One of the big questions is: how could such a large group of armed men roam freely and conduct checkpoints without being confronted by the military or police. In fact, some reports say that the local police were part of the Ampatuan group that blocked the convoy of victims.

The Philippine military has been widely criticized for its use of militias or “civilian volunteer organizations” to augment their forces. These CVOs usually end up serving as the private army of local politicians.

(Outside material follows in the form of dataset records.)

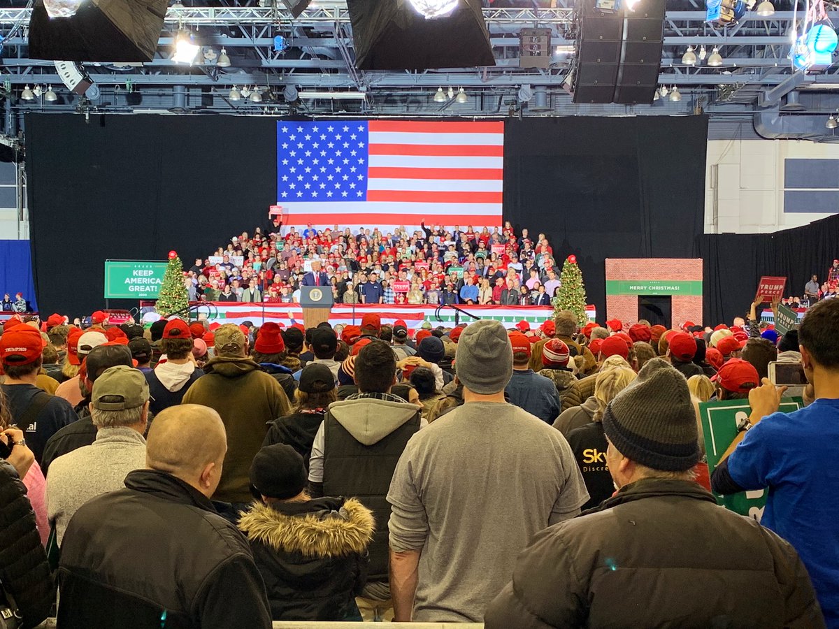 @parscale Vice President Pence up next. Currently playing: "My Way." Program starting 40 mins behind schedule, which will still make for remarkable split screen with DC votes. The president is expected to focus at least one third of his remarks tonight on impeachment, per WH spokesman.
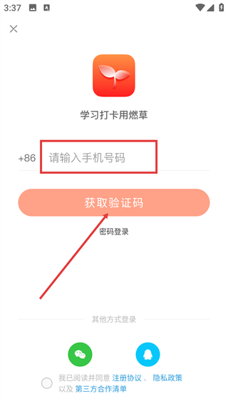 这是“燃草”学习打卡类的登录页面,提供【本机号码一键登录】【手机号登录】以及微信、QQ第三方登录这几种方式。
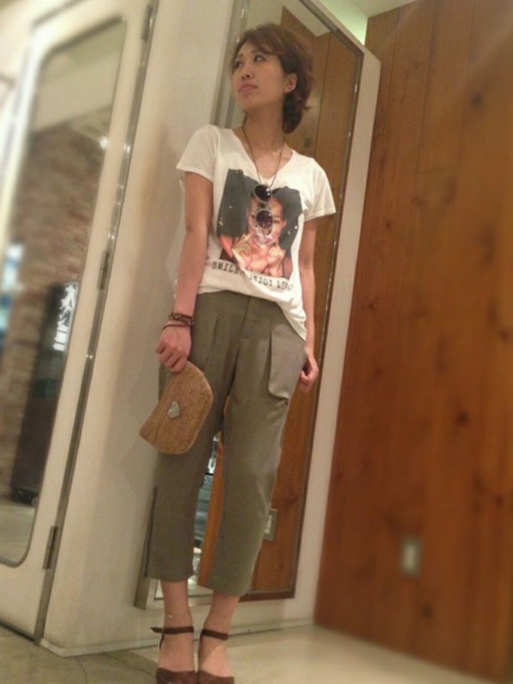 hama(CANALJEAN 神戸店)のTシャツ/カットソー「tordi/転写プリントTシャツ(Smile)/トルディー」を使ったコーディネート
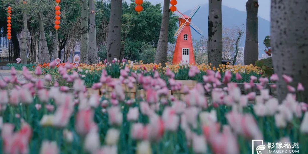 今年公园还增设了多个打卡点,最受欢迎的风车花田中一座5米高的风车房伫立在花海中央,成为游客拍照的绝佳地,公园里游人如织,尽享春色。
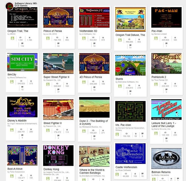 미국 캘리포니아 샌프란시스코에 사무실을 두고 온라인 디지털 도서관을 운영하는 비영리단체 인터넷아카이브(Internet Archive) 덕분이다. 15일 현재 인터넷아카이브는 공식사이트에서 2천628개의 MS-DOS 게임 항목을 등재하고, 웹기반 도스박스 에뮬레이터로 서비스 중이다.

Since the Philippine military does not have the budget to maintain these CVOs, they rely on the local politicians to strengthen their armed capability which could be used against the threat of the Moro Islamic Liberation Front (MILF), other armed groups, or their political enemies. There are questions about how the warlords in Maguindanao, the third poorest province in the Philippines, could maintain such huge armed forces without having to resort to dubious economic activities.

The question of warlords and CVOs could complicate the presence of the American forces deployed in this region in Mindanao as part of the Visiting Forces Agreement with the Philippines. The American forces deal with these warlords and CVOs on a regular basis.One of the Ampatuans, Gov. Zaldy Ampatuan is the Governor of the Autonomous Region of Muslim Mindanao where most US forces are deployed.

With the increasing involvement of these warlords in atrocities against unarmed civilians, how American forces will now deal with them, and the power structure that supports them, is a valid question that speaks to the US commitment to democracy in this part of the world.

Arnel Paciano Casanova is the Executive Director, Asia Society Philippines.